Extra kwargs forwarded to the keyword extractor (e.g. YAKE language setting, KeyBERT model name).

max_keywordsint

Maximum number of keywords to extract per document.

save_token_scoresbool

When True and keyword_extractor="tfidf", store per-token TF-IDF scores as a token_scores: dict in document metadata.

lowercase_tokensbool

Lowercase all tokens before further processing.

remove_stopwordsbool

Remove stopwords. Stopword language(s) follow language.

extra_stopwordsfrozenset[str] or None

Additional custom stopwords merged with the detected/specified list.

min_token_lengthint

Discard tokens shorter than this (after lowercasing).

remove_punctuationbool

Remove tokens that are entirely ASCII punctuation.

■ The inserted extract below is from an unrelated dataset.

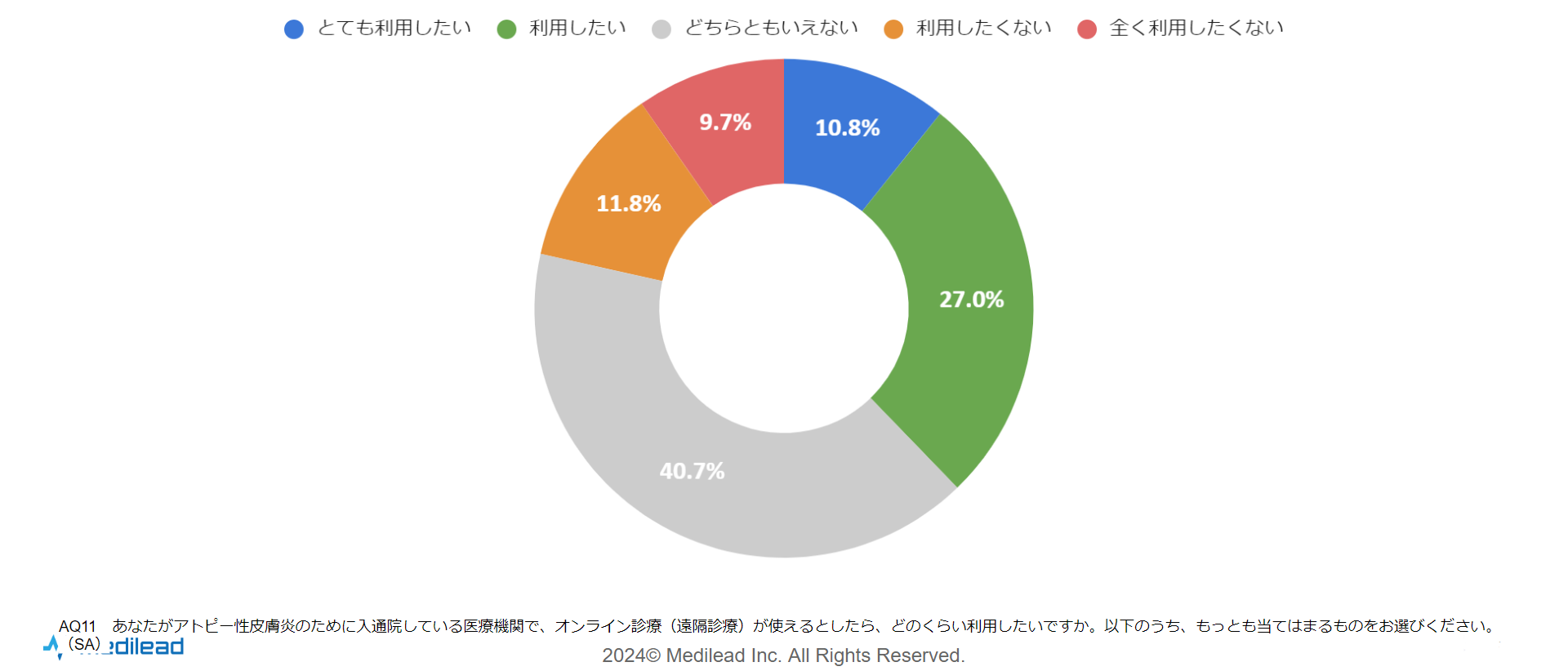 今回のレポートから、アトピー性皮膚炎患者は40代以下に多く、年齢が上がるにつれて症状が落ち着く傾向が見られました。また、1年以内に入院または通院した患者はほとんどの世代で9割以上であり、継続的な経過観察や治療の必要性があり、患者に対しての持続的な医療サポートが重要であることが読み取れます。オンライン診療の利用意向については、保険適用であるにも関わらず約2割が利用したくないと回答しました。この結果から、オンライン診療に対する不安や利便性に対する懸念があることがうかがえます。

strip_unicode_punctuationbool

Remove Unicode punctuation characters from token text (superset of remove_punctuation; handles CJK 。！？, Arabic ،؟, etc.).

pos_tagsbool

When True, populate a pos_tags list in document metadata (requires tokenizer="spacy" or lemmatizer="spacy").

ner_entitiesbool

When True, populate a ner_entities list in document metadata (requires tokenizer="spacy" or lemmatizer="spacy").

sentence_countbool

When True, compute and store the sentence count in document metadata (uses multi-script regex, no external deps).

char_countbool

When True, store raw character count in document metadata.

type_token_ratiobool

When True, store lexical diversity (unique/total tokens) in document metadata. Useful for LLM context quality assessment.

Parameters:

language (str | list[str] | None)
tokenizer (Literal['simple', 'nltk', 'spacy', 'custom'])
custom_tokenizer (TokenizerProtocol | Callable[[str], list[str]] | None)
spacy_model (str)
lemmatizer (Literal['spacy', 'nltk', 'custom'] | None)
custom_lemmatizer (LemmatizerProtocol | Callable[[str, str | None], str] | None)
stemmer (Literal['porter', 'snowball', 'lancaster', 'custom'] | None)
custom_stemmer (StemmerProtocol | Callable[[str], str] | None)
stemmer_language (str | list[str] | None)
keyword_extractor (Literal['frequency', 'tfidf', 'yake', 'keybert'] | None)
keyword_extractor_kwargs (dict[str, Any] | None)
max_keywords (int)
save_token_scores (bool)
lowercase_tokens (bool)
remove_stopwords (bool)
extra_stopwords (frozenset[str] | None)
min_token_length (int)
remove_punctuation (bool)
strip_unicode_punctuation (bool)
pos_tags (bool)
ner_entities (bool)
sentence_count (bool)
char_count (bool)
type_token_ratio (bool)

Notes

User note: For RAG pipelines:

tokenizer="simple" + keyword_extractor="tfidf" + no stemmer/lemmatizer is fast and works for all Latin-script languages.
For multilingual RAG: set language=["en", "ar"] and the enricher will union stopwords for both languages automatically.
For linguistic research: tokenizer="spacy" + lemmatizer="spacy" + pos_tags=True + ner_entities=True gives the richest output.
For LLM fine-tuning data: enable sentence_count, char_count, type_token_ratio, and save_token_scores to add quality signals to each document.

Developer note: All NLP backends are lazy-loaded and cached on NLPEnricher._* attributes. The class is NOT thread-safe. Use separate instances per thread.